Rokok elektrik memang tidak mengandung bahan-bahan berbahaya yang ada pada rokok tembakau. Asap rokok elektrik bisa dibilang hanya terdiri dari nikotin, berbeda dengan asap rokok tembakau yang mengandung tar, karbon monoksida, hidrogen sianida, dan senyawa berbahaya lainnya di samping nikotin.

Namun, bukan berarti rokok elektrik atau vape tidak berbahaya sama sekali. Sebab, jika dihisap terus menerus, ada risiko yang harus ditanggung.

Nikotin diketahui dapat menyebabkan penyempitan dan pengerasan dinding pembuluh darah, serta peningkatan tekanan darah. Dalam jangka panjang, hal ini juga dapat berdampak buruk pada jantung.

Selain itu, nikotin diyakini juga berbahaya untuk janin dan mengganggu perkembangan otak pada anak. Bahaya nikotin pada janin dan anak-anak bisa terjadi, bahkan lebih mungkin terjadi, andai ibu hamil atau anak-anak terpapar asap rokok elektrik sebagai perokok pasif.
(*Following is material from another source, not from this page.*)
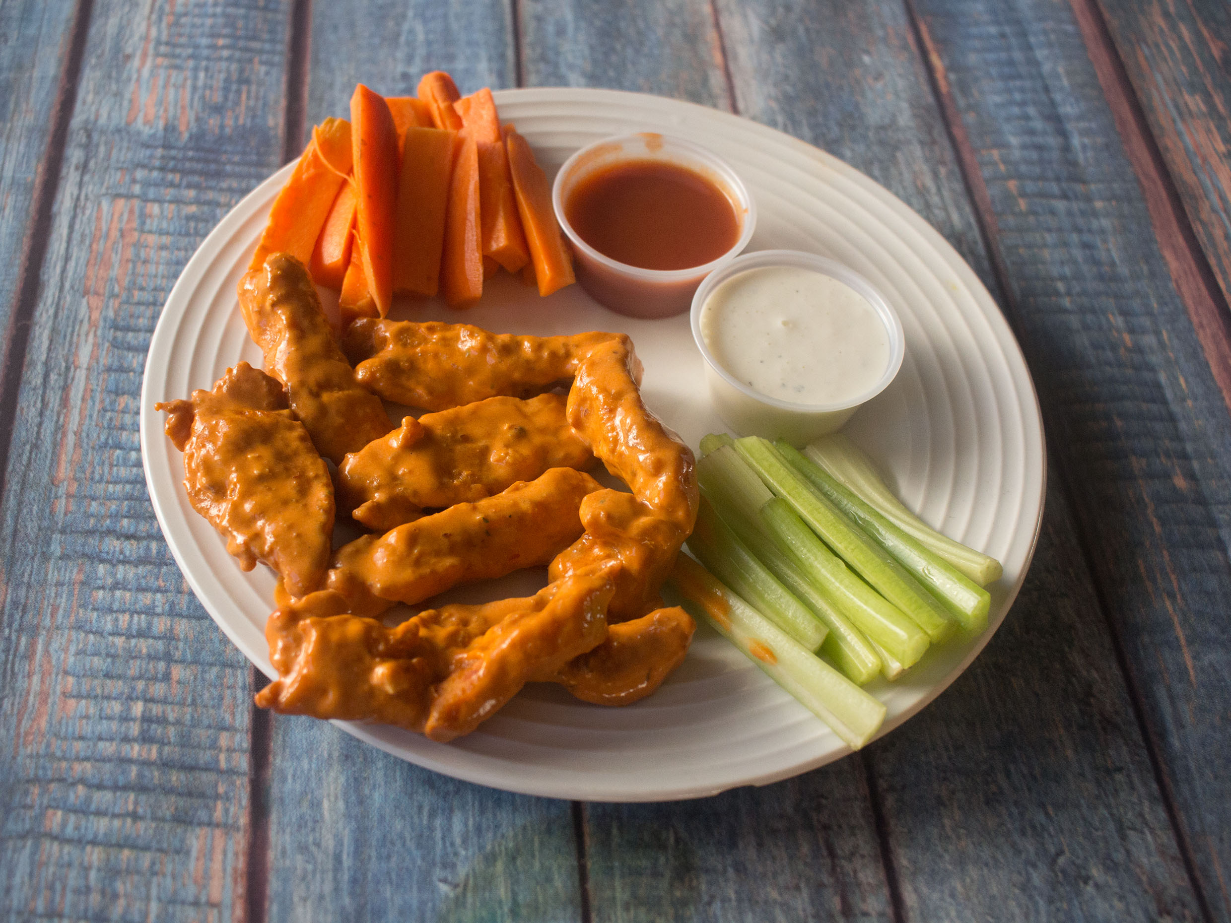 5 Tiras de Pechuga de pollo bañadas en la salsa de tu preferencia acompañadas de apio, zanahoria y aderezo ranch.

Keamanan kandungan selain nikotin, seperti propilen glikol, gliserin, dan diacetyl, juga perlu diperhatikan. Meski aman untuk dikonsumsi, senyawa ini belum tentu aman untuk dihirup. Secara logika, bahan-bahan kimia ini bisa saja mengiritasi saluran paru-paru dan menyebabkan kerusakan permanen atau bahkan kanker.

Risiko lain yang perlu dipertimbangkan ialah kemungkinan rokok elektrik meledak dan menyebabkan kebakaran. Rokok elektrik juga bisa menyebabkan keracunan pada anak-anak yang tertarik meminum cairan berbau buah atau permen yang ada di dalamnya.

Jika dibandingkan dengan rokok tembakau, rokok elektrik memang tidak lebih berbahaya. Namun, para ahli sepakat bahwa saat ini masih perlu penelitian berlanjut untuk mengkaji dan memantau dampak rokok elektrik pada kesehatan tubuh.